After the Las Vegas fire, Natalie recalled that change came in 1984 when her manager encouraged her to go to rehab.

“Maybe I’ve tested God’s patience too much. For years, He’d been giving me wake-up calls and I’d been hitting the snooze. I reached for my Bible, where I’d kept the rose from Dad’s coffin, and opened it,” she said of her time in rehab. “Through it all I’d never let that Bible go. I’d looked at that rose every day until it finally fell apart. Yet its scent still clung to the pages.”

“I felt like God was still clinging to me, despite all I’d done to push him away. I’d tried to fix my life, to change. Now, finally, in the cold of winter, I realized I couldn’t change myself. Only God could change me, and only if I asked with my whole heart.”

Natalie said that God was no longer the lifeline that she prayed to when things were challenging, but that she formed a personal relationship with a merciful savior.

“For the first time, God became not just someone to turn to in a crisis,” she said. “He was there when I shed tears for my father night after night, the tears I’d never shed as a teenager. He was there as I struggled to let go of my pain and defiance. He was there when I surrendered myself.”

“Only then did peace flood in where pain once was, one miraculous day at a time. No, we never forget pain, but we do let go of it.
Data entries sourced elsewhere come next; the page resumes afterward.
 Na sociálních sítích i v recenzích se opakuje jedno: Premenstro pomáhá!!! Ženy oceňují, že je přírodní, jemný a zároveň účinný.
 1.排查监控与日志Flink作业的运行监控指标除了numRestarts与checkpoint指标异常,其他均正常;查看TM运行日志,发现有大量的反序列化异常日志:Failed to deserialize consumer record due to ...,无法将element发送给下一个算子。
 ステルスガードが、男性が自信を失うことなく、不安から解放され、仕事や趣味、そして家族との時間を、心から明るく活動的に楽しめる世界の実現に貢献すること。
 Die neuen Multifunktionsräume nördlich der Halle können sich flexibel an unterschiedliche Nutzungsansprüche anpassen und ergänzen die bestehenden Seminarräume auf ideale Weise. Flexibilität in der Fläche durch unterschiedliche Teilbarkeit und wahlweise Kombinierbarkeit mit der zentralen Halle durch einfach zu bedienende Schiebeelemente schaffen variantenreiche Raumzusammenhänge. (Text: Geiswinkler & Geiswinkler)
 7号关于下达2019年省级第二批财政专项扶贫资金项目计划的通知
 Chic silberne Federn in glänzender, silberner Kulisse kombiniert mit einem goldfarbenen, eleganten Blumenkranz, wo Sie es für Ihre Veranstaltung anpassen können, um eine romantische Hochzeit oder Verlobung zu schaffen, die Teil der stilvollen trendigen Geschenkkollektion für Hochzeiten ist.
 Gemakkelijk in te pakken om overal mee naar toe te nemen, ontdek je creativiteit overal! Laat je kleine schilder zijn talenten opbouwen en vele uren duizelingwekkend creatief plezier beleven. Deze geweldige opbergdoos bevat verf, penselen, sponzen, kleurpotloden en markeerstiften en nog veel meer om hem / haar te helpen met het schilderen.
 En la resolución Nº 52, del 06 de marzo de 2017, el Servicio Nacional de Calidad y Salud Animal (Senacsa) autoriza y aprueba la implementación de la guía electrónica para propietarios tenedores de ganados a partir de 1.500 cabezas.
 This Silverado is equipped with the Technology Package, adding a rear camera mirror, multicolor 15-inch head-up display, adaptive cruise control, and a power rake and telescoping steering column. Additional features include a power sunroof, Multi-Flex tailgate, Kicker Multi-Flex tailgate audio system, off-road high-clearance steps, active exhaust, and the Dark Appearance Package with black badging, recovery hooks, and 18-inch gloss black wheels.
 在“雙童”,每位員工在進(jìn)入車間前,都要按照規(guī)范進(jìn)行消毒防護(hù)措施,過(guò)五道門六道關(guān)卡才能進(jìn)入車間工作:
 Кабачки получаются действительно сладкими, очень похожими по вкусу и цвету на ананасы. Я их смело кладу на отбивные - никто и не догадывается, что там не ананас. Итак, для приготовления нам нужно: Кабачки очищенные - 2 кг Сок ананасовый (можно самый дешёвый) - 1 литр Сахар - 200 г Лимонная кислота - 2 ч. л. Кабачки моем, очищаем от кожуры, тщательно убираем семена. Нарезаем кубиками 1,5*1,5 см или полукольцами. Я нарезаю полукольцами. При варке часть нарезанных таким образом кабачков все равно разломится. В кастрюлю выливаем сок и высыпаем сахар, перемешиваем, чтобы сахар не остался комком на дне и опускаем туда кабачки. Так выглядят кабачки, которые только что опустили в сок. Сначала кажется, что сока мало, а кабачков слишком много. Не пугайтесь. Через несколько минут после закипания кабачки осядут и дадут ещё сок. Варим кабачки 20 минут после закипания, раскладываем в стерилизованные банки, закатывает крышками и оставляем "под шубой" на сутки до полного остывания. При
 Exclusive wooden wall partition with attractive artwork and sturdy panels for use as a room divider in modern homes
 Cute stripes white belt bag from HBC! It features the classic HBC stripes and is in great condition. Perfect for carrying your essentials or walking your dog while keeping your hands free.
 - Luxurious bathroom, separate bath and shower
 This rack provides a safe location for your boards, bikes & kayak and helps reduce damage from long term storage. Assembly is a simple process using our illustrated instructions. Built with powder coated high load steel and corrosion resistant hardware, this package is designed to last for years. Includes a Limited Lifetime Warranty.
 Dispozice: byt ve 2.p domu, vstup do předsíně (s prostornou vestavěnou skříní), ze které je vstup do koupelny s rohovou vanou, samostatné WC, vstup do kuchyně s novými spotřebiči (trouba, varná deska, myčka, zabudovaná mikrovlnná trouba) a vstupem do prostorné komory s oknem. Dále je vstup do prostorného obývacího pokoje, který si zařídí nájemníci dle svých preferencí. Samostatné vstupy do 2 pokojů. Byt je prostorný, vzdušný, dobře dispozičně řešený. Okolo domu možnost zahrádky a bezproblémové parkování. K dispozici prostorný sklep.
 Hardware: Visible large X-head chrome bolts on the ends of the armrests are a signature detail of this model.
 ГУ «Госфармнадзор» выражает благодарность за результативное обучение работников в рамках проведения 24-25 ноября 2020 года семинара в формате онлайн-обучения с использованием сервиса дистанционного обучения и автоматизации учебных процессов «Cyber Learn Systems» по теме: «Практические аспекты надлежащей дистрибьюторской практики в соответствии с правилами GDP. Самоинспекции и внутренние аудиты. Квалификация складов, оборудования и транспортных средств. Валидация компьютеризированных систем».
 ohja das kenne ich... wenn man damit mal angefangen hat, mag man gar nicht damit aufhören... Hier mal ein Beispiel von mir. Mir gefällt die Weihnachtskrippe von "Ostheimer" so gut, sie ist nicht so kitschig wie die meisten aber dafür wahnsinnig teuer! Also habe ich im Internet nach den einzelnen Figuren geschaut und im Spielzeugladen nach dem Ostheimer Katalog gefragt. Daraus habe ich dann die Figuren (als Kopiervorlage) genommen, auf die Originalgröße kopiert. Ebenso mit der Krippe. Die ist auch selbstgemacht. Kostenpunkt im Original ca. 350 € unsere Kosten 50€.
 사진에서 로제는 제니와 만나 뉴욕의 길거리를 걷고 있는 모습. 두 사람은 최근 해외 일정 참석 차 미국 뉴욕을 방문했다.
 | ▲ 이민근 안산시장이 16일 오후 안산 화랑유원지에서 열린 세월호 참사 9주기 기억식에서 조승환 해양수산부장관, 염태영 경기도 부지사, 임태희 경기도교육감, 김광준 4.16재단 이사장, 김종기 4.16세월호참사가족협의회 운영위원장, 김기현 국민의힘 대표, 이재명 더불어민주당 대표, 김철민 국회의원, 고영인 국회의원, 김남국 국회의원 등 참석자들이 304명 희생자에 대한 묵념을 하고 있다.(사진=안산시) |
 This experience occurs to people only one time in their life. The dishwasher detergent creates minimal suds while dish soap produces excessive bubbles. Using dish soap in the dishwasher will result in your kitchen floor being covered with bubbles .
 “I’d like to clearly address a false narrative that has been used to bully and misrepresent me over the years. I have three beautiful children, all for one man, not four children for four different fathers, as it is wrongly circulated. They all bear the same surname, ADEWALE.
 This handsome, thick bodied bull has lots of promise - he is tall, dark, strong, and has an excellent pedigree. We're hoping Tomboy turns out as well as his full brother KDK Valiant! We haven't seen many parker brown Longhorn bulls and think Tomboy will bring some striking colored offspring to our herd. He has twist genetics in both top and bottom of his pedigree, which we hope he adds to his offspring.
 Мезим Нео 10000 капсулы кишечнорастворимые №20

In surrender, we transform ourselves.”

Before her realization and transformation, Natalie only felt pain when she sang one of her father’s songs. But after a successful rehab, she sang “Unforgettable” with a new perspective.

“Through the magic of a new technology, I was able to record a duet with my dad on his signature song, ‘Unforgettable.’ It resurrected my career, yes, but more than that, it restored me. And a faint scent of a rose came to full blossom again.”